(Information provided)

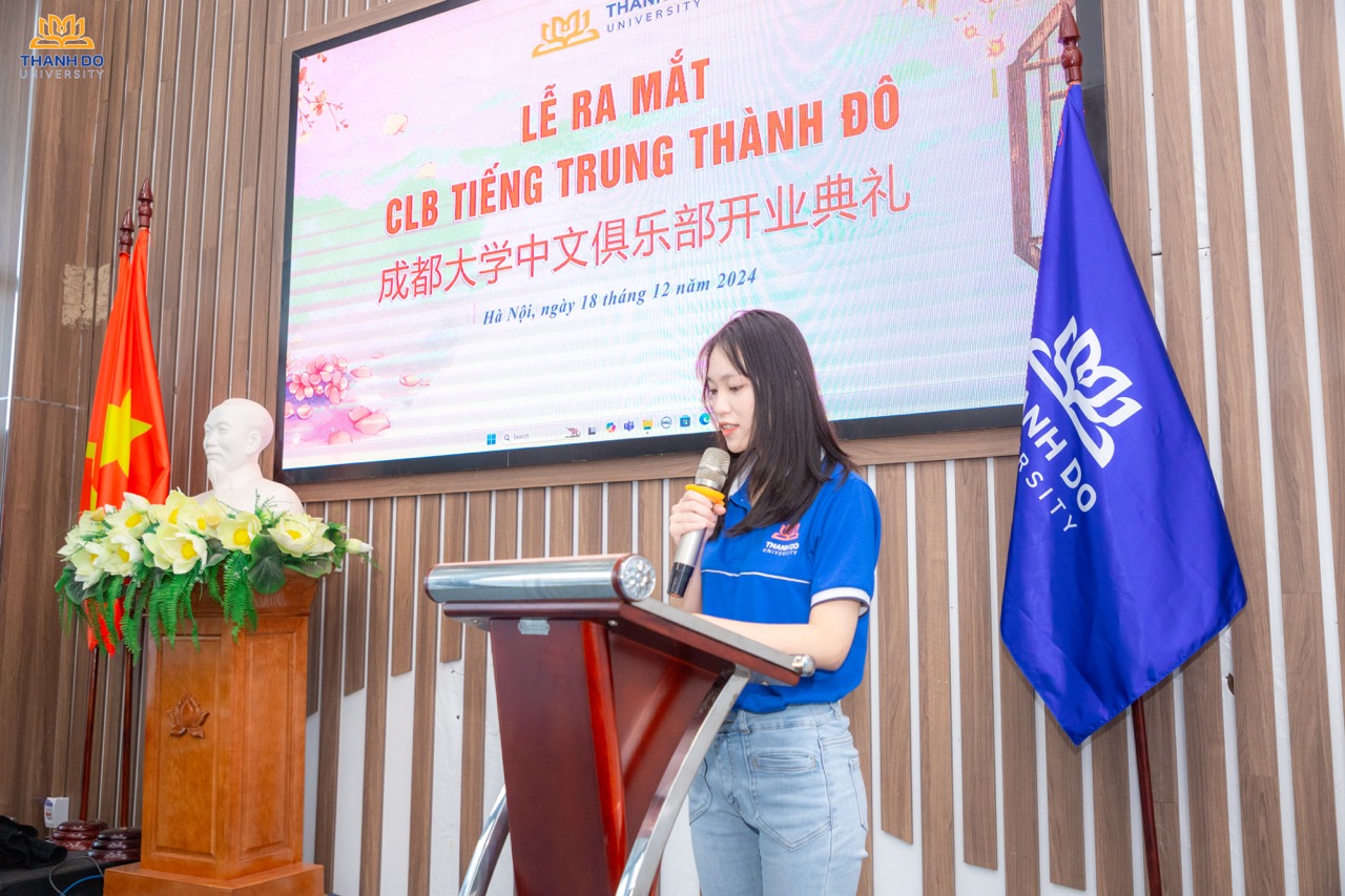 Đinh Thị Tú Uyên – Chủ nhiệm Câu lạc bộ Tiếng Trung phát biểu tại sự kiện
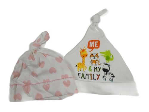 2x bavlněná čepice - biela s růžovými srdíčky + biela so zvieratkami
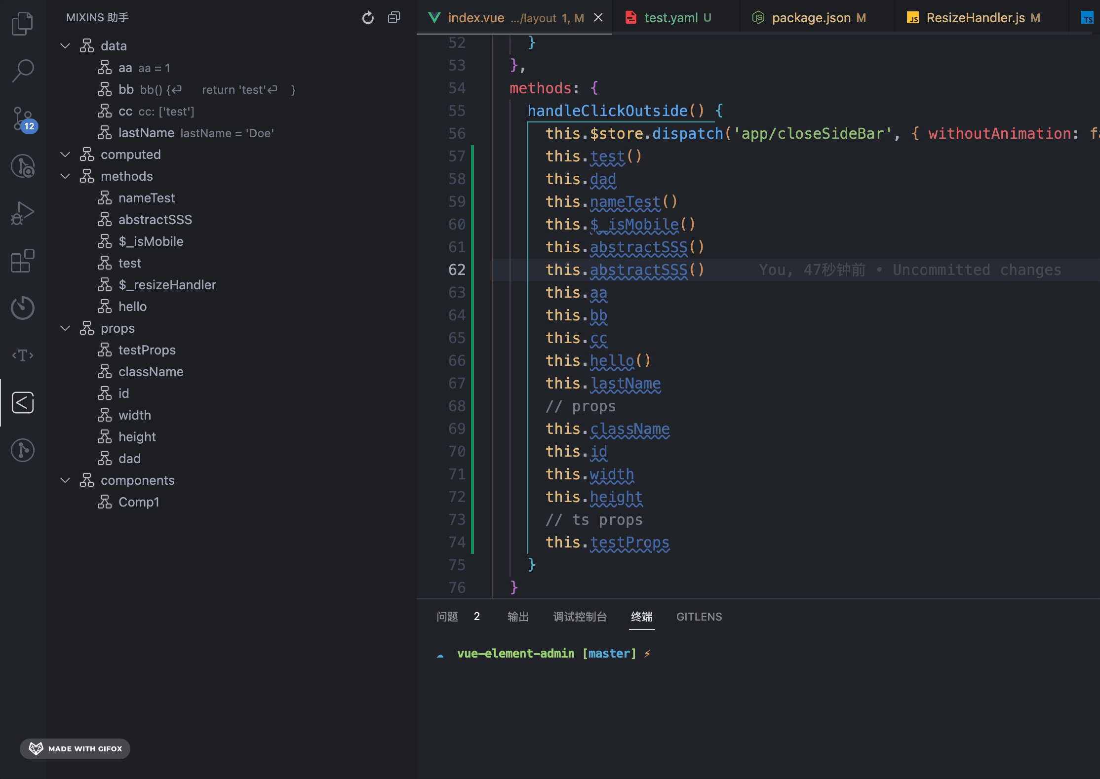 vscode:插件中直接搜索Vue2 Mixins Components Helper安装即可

(End Information provided)
(Information provided)

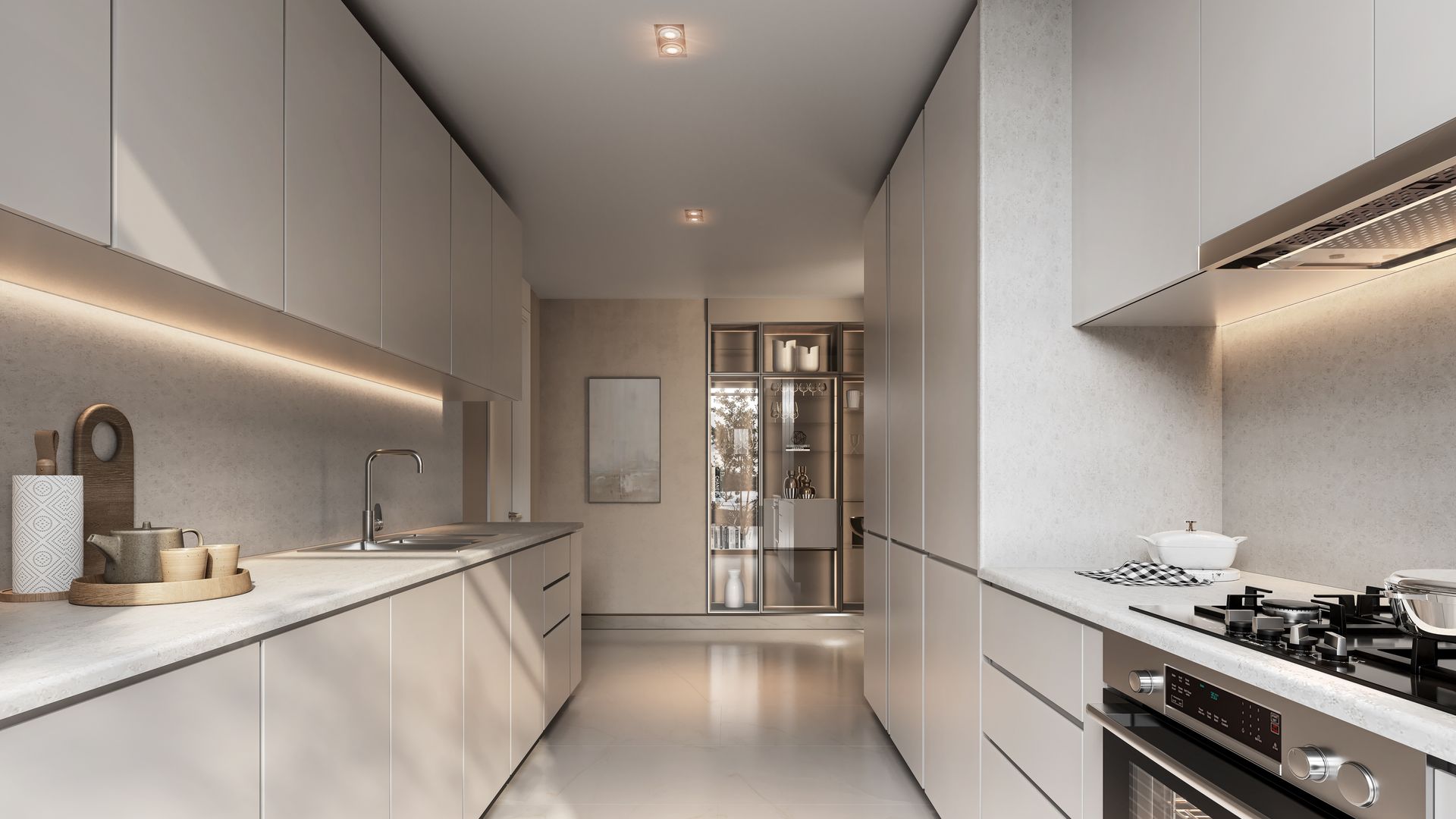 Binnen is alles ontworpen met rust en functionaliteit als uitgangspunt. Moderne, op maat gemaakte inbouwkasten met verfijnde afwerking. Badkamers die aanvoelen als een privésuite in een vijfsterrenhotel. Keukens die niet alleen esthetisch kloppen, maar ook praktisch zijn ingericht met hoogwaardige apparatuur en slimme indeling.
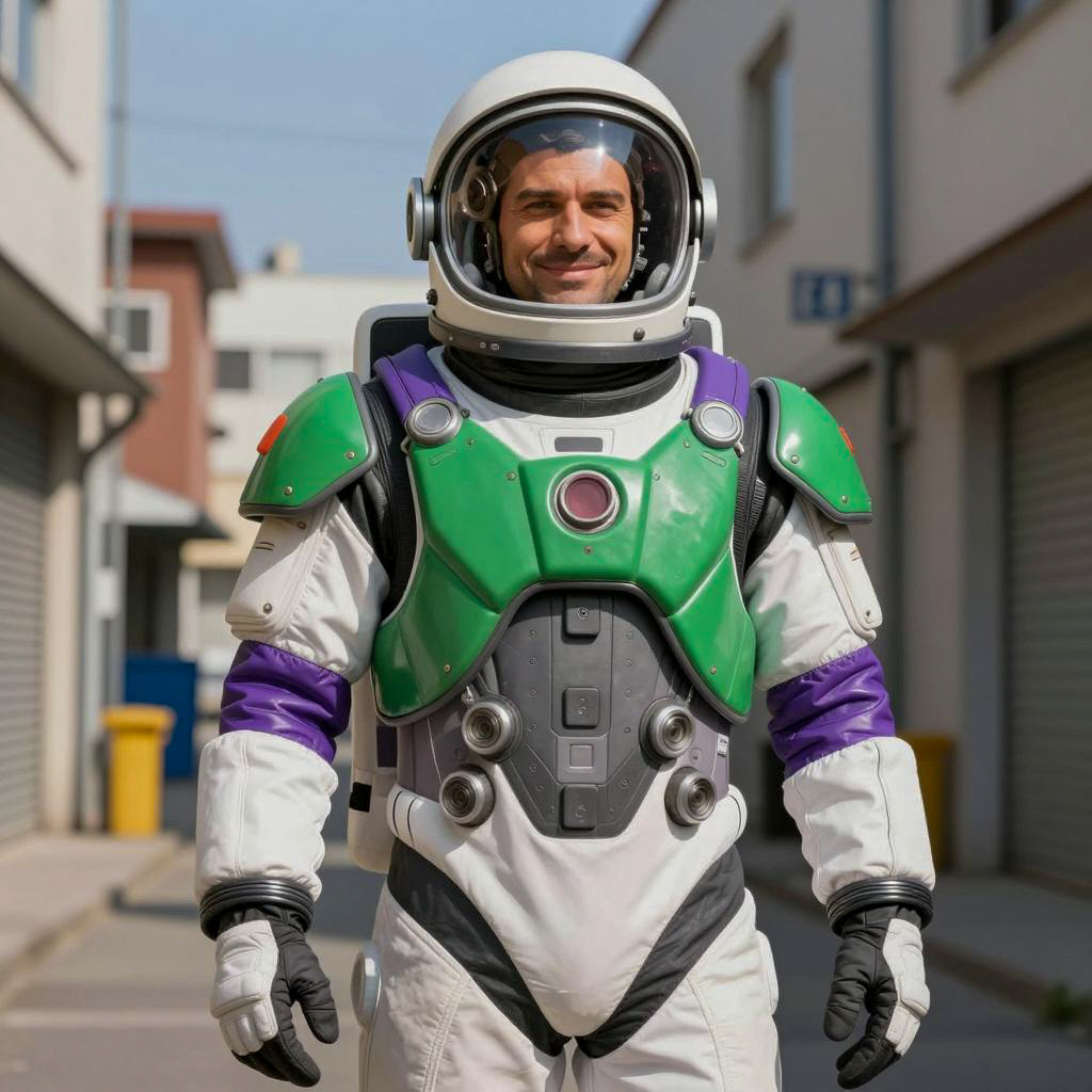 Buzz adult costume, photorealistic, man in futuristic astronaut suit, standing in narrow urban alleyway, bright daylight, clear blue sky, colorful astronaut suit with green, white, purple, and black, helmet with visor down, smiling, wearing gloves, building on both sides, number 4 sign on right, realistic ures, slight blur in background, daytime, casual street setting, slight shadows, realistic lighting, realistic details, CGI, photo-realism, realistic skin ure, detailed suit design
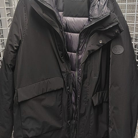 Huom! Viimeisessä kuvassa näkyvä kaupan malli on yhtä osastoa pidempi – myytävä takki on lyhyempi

(End Information provided)

Starting at the line above that holds "Đinh Thị Tú", return each line up to and including the one that holds "vscode:插件中直接搜索Vue2 Mixins Components", exactly as written, minus any pictures.

Written response =>
 Đinh Thị Tú Uyên – Chủ nhiệm Câu lạc bộ Tiếng Trung phát biểu tại sự kiện
 2x bavlněná čepice - biela s růžovými srdíčky + biela so zvieratkami
 vscode:插件中直接搜索Vue2 Mixins Components Helper安装即可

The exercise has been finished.